Collected data:
::::::::::
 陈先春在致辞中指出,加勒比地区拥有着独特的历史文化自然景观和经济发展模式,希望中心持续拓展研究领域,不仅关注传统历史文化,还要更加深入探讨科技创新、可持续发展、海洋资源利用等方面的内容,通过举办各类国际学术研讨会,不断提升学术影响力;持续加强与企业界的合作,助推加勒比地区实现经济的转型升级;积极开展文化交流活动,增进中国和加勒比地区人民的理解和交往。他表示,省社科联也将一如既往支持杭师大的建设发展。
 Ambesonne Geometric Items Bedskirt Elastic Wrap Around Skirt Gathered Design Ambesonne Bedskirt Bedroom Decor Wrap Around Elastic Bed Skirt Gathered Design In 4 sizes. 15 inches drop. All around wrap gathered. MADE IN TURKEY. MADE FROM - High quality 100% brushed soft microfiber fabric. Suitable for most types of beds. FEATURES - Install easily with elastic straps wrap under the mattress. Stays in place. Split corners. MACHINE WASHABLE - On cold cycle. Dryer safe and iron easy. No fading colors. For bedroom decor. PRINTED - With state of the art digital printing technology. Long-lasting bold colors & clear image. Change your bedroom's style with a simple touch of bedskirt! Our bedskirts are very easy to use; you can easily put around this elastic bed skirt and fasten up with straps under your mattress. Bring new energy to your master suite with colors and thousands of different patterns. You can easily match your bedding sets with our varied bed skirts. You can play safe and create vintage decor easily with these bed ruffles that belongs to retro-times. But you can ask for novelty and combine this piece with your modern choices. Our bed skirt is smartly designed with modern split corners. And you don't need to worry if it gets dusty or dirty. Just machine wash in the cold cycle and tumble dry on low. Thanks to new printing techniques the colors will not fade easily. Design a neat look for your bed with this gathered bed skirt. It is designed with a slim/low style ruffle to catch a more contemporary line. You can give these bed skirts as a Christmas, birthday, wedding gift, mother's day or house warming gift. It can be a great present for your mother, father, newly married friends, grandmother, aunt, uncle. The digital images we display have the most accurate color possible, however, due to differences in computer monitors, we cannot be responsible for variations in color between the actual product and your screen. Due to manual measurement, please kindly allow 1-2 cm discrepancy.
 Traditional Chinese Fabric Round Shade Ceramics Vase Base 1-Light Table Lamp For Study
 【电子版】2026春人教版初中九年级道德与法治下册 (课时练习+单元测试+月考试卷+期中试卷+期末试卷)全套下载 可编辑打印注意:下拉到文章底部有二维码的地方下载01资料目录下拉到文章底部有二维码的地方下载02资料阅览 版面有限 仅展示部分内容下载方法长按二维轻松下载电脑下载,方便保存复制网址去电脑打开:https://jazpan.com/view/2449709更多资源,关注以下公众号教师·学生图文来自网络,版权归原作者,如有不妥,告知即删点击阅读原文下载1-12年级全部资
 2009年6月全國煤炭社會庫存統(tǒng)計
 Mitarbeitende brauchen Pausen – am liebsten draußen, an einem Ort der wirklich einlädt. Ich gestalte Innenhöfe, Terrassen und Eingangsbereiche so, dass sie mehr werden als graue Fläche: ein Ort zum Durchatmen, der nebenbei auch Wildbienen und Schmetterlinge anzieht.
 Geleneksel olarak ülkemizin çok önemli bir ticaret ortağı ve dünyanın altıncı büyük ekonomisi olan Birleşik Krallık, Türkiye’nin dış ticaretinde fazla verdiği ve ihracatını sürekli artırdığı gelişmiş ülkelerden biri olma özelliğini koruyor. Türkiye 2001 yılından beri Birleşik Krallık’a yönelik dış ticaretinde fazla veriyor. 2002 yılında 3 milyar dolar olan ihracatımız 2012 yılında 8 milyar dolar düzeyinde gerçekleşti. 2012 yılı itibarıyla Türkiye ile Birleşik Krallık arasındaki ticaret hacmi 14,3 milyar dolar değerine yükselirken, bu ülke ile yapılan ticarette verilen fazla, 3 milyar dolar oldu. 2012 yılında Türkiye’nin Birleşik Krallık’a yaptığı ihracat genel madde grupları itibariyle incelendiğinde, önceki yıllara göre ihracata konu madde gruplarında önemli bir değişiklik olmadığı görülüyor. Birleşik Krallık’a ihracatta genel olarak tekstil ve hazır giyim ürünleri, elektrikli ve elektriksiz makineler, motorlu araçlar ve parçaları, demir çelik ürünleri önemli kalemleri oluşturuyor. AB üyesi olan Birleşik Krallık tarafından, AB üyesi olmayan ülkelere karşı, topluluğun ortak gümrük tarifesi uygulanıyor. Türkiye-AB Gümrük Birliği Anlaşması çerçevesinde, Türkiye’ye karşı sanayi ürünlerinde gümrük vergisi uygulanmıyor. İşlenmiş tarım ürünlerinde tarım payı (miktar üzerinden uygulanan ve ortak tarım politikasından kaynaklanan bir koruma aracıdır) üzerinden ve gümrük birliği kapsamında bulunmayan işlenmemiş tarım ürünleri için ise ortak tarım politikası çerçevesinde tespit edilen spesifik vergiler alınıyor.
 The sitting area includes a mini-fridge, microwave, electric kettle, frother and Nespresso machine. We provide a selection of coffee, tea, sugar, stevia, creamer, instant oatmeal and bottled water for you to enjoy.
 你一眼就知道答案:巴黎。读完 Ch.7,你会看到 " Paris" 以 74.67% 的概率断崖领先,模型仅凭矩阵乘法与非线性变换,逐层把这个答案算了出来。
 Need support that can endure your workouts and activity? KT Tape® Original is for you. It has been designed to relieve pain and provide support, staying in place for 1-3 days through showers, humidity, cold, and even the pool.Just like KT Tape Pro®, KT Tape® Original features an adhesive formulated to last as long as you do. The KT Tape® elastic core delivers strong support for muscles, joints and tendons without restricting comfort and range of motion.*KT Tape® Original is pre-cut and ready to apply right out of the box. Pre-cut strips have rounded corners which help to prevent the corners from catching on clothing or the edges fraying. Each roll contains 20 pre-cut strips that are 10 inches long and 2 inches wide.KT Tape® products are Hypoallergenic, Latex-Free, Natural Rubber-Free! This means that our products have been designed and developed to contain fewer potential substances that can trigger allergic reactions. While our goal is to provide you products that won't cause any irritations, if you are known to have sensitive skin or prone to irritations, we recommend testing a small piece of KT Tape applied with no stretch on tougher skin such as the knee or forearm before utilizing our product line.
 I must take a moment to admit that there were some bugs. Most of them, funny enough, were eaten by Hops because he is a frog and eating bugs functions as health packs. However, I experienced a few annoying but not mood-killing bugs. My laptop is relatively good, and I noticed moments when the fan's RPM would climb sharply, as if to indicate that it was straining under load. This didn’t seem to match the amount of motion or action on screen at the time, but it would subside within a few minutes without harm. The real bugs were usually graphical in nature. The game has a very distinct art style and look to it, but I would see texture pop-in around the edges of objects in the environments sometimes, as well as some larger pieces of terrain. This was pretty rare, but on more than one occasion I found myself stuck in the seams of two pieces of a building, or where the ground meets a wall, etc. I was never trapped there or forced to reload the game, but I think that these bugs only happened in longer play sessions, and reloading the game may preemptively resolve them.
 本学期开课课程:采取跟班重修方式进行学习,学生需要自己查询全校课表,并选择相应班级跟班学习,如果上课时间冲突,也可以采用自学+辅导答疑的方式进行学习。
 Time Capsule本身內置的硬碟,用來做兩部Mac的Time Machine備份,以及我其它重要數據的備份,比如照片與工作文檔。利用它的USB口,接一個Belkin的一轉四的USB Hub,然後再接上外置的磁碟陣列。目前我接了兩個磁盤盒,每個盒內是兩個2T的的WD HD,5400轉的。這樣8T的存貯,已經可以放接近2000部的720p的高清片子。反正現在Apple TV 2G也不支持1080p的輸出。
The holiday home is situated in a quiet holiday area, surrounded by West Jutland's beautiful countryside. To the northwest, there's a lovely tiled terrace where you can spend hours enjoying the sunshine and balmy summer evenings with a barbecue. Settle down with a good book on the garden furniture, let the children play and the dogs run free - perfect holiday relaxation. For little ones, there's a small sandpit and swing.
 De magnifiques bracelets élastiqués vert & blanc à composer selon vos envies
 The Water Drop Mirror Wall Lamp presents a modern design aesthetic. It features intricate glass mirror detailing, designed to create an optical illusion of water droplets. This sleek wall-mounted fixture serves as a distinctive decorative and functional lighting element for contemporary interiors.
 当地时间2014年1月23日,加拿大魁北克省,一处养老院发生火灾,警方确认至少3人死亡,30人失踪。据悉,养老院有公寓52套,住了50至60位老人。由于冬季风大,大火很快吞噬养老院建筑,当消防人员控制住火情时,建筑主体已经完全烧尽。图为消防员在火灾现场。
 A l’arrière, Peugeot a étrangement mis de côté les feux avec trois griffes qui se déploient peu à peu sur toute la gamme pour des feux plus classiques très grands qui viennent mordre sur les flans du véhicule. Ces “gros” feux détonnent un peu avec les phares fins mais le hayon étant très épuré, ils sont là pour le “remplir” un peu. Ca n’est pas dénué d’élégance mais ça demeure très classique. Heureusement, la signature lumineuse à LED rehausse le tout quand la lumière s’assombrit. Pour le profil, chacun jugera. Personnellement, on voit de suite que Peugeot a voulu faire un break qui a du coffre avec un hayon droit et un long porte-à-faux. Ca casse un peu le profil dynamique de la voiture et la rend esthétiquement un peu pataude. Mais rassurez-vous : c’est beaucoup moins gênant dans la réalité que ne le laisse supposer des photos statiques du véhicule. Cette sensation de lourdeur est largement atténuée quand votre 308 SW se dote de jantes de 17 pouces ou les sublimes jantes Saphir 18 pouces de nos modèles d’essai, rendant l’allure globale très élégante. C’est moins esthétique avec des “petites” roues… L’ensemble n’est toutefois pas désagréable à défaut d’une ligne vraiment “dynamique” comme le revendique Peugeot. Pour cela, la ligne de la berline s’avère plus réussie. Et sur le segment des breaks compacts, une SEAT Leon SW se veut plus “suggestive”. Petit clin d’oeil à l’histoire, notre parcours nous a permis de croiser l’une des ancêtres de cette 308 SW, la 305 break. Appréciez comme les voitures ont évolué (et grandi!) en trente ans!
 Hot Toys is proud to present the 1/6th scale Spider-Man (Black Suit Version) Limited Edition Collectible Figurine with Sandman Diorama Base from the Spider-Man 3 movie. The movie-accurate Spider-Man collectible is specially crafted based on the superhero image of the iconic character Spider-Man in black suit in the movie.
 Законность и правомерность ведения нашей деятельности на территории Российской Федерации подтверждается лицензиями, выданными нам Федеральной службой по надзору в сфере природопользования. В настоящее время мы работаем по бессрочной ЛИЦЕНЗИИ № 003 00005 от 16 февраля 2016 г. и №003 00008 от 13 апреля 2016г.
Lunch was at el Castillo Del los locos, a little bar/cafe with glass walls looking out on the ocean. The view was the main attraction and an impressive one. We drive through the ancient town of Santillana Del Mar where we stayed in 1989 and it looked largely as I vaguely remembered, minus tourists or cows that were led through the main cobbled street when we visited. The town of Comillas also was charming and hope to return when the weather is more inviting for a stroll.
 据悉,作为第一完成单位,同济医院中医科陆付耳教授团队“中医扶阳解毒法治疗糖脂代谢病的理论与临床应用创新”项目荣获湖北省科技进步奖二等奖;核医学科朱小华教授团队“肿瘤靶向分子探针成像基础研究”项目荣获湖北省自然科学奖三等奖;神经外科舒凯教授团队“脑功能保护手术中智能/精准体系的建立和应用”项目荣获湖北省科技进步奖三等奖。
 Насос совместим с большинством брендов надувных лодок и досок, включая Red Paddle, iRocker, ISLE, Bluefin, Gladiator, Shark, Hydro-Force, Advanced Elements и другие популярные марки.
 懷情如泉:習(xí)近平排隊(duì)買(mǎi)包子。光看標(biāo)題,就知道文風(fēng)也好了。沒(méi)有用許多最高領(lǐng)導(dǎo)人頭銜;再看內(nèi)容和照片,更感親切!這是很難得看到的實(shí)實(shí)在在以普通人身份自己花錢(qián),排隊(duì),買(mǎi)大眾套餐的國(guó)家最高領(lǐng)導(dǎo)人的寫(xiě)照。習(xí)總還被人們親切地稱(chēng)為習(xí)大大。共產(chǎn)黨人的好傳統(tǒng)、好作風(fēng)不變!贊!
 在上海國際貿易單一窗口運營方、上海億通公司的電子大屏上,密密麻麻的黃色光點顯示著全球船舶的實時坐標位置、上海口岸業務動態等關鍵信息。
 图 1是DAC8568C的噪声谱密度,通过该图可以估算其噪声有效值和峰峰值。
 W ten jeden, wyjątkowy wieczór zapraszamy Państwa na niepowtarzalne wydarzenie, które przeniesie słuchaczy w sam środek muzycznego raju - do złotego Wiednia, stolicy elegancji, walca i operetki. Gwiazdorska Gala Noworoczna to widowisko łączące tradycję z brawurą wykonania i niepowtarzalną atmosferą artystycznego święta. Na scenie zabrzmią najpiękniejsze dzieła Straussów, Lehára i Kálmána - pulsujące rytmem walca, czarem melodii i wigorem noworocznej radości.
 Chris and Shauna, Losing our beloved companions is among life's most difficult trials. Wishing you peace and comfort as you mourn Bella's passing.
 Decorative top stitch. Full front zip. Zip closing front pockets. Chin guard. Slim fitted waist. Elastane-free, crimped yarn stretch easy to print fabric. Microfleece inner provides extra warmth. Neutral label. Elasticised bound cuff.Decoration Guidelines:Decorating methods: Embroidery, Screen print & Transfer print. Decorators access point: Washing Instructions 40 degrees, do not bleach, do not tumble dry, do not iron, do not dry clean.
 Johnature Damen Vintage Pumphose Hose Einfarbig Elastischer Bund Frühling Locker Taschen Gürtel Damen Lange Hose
::::::::::
_ACTIVITY:_ Could you return exactly the stretch of the data above that starts at the line with "在上海國際貿易單一窗口運營方" and ends at the line with "Chris and Shauna, Losing", both lines included?

_YOUR RESPONSE:_
 在上海國際貿易單一窗口運營方、上海億通公司的電子大屏上,密密麻麻的黃色光點顯示著全球船舶的實時坐標位置、上海口岸業務動態等關鍵信息。
 图 1是DAC8568C的噪声谱密度,通过该图可以估算其噪声有效值和峰峰值。
 W ten jeden, wyjątkowy wieczór zapraszamy Państwa na niepowtarzalne wydarzenie, które przeniesie słuchaczy w sam środek muzycznego raju - do złotego Wiednia, stolicy elegancji, walca i operetki. Gwiazdorska Gala Noworoczna to widowisko łączące tradycję z brawurą wykonania i niepowtarzalną atmosferą artystycznego święta. Na scenie zabrzmią najpiękniejsze dzieła Straussów, Lehára i Kálmána - pulsujące rytmem walca, czarem melodii i wigorem noworocznej radości.
 Chris and Shauna, Losing our beloved companions is among life's most difficult trials. Wishing you peace and comfort as you mourn Bella's passing.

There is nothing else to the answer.